Ego adalah keinginan 2 murni yg terlahir dari diri sendiri yg ingin diwujudkan dalam kehidupan nyata .namun untuk mewujudkannya ia akan bertemu dulu dgn super Ego yang berisi nilai nilai yq hidup ditengah masyarakat yang berfungsi filter atas Ego. setelah difilter oleh SuperEgo
barulah akan dimanifestasikan dalam ID(identitas dirl) dari ID inilah bisa dinilai apakah hubungan antar manusia apa sudah seimbang atau belum.bila Ego tidak banyak tersaring oleh SuperEgo yang nantinya akan memunculkan ID, maka kepentingan pribadi /individu akan menjadi dominan tanpa pertimbangan kepentingan bersama.

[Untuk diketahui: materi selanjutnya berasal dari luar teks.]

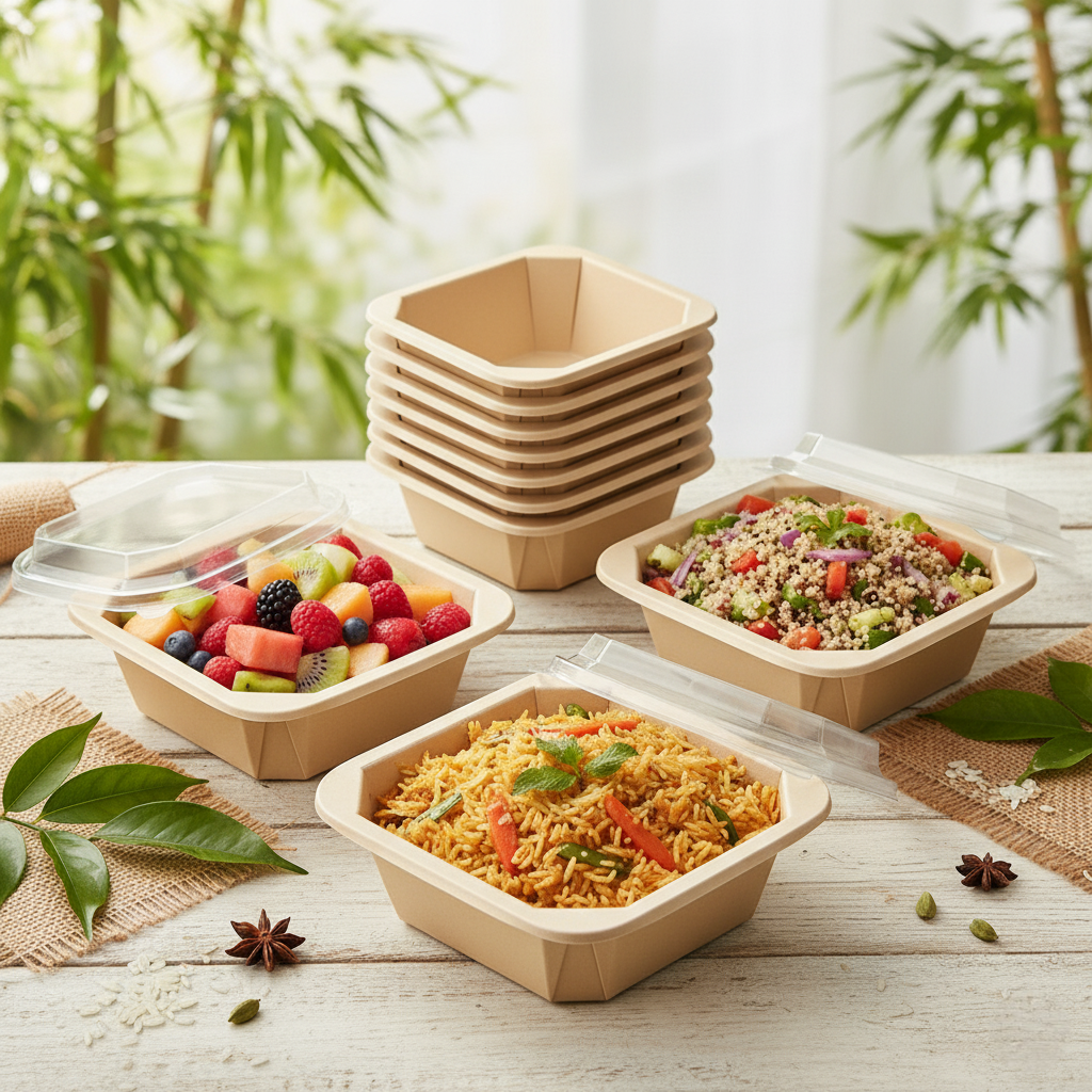 Crafted from durable kraft paper with a leak-proof lining, our disposable bowls with lids are perfect for everything from curries to salads. Microwave-safe, refrigerator-friendly, and eco-conscious, they keep food fresh, secure, and ready to serve at home, in restaurants, or on the go.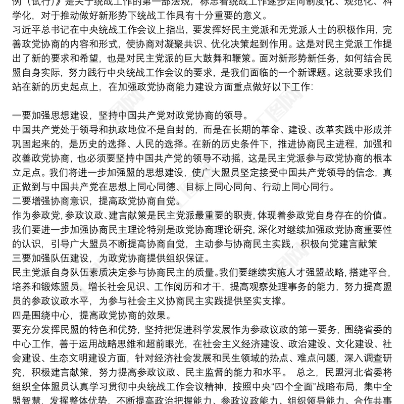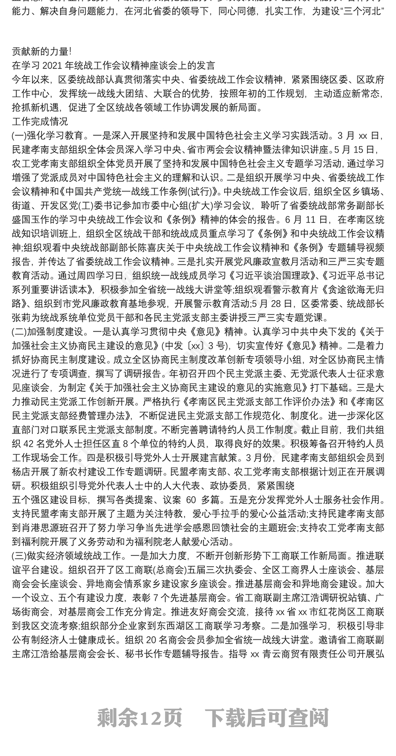 工圖網提供在學習2021年統戰工作會議精神座談會上的發言供會員免費下載。更多精彩黨課PPT素材,盡在工圖網。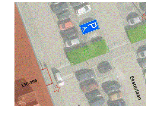 • door plaatsing van bord E6 van bijlage I van het Reglement Verkeersregels en Verkeerstekens 1990 een gereserveerde gehandicaptenparkeerplaats aan te wijzen aan de voorzijde van het appartementencomplex aan de Eksterlaan met nrs.130-396;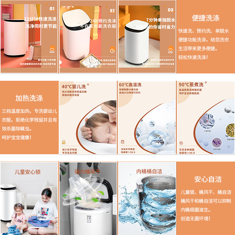 蓝光洗涤、高温煮洗、洗脱一体、杀菌除螨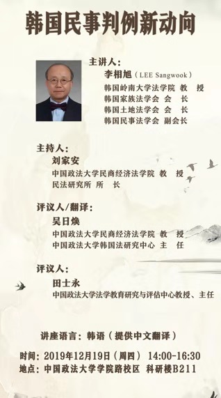 【活动公告】韩国岭南大学李相旭教授讲座:韩国民事判例新动向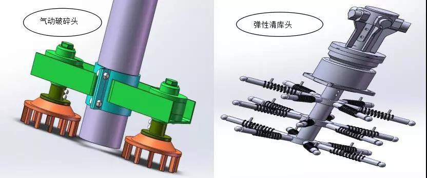 4、利用水泥清庫機(專利產品)對掛壁料進行清理,解除庫內危險。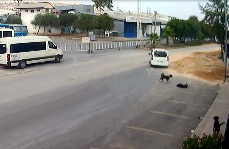 Bu köpek kaçarak ezilmekten kurtulurken, diğer bir köpek aracın peşinde koşmaya başlıyor.

Kalau menurut Prof.Arief.s hilangnya identitas suatu bangsa spt yang dilukiskan di
atas karena belum terpenuhinya tingkat tingkat kebutuhan sesuai teori ABRAHAM MASLOW.dimana tingkat2 kebutuhan manusia itu ada 5 hirarki yaitu:
▪ kebutuhan fisiologis/dasar
▪ kebutuhan akan rasa aman
dan tenteram
▪ kebutuhan untuk dicintai
dan disayangi
▪ kebutuhan untuk di hargai
▪ kebutuhan untuk
aktualisasi diri
bila kebutuhan dasar belum terpenuhi tak akan mungkin timbul kebutuhan akan rasa aman..dst ..dst' jadi merupakan hirarki.
karena perut lapar,uang tak punya (kebutuhan dasar) maka nyolonglah ia merampoklah ia ngoraklah ia... walaupun dengan resiko kalau ketahuan akan di gebuki dipukuli(tidak timbul kebutuhan rasa aman dan tenteram) dan tak mungkin akan di hargai orang lain(tidak timbul kebutuhan untuk di hargai).
wasalam,
PROF.ARIEF.SMS
NB
sms= sego mateng surak

Indro Saswanto said...

Trims proff, uraiannya yg sangat gamblang.
Salam. dari pak ustadz.

paromo suko said...

Dalam percakapan yang membicarakan maza laloe dengan anak-anak dan ponakan sering komentar yang terdengar: ah, itu kan dulu, pakde, sekarang nggak cocok lagi digunakan.
Ada kesan bahwa segala tentang masa lalu adalah sesuatu yang sudah usang; bentuknya, caranya, pemikirannya dll.
Rupanya sangat diperlukan tepa-tuladha yang lebih berkesan daripada yang sudah ada, berkesan dalam bentuk/rupa, gaya, cara dan hasil yang terbukti efektif.
Gitu kali, ya

Indro Saswanto said...

Setuju 100 persen bulet..... anak2 sekarang lagi bingung.. bedo pelajaran jero kelas... karo kenyataaan jobo kana....polahe wong tuwane.
Jare bu guru nyolong iku elek, jebul wong sik donyane penak '' mal....'' kabeh.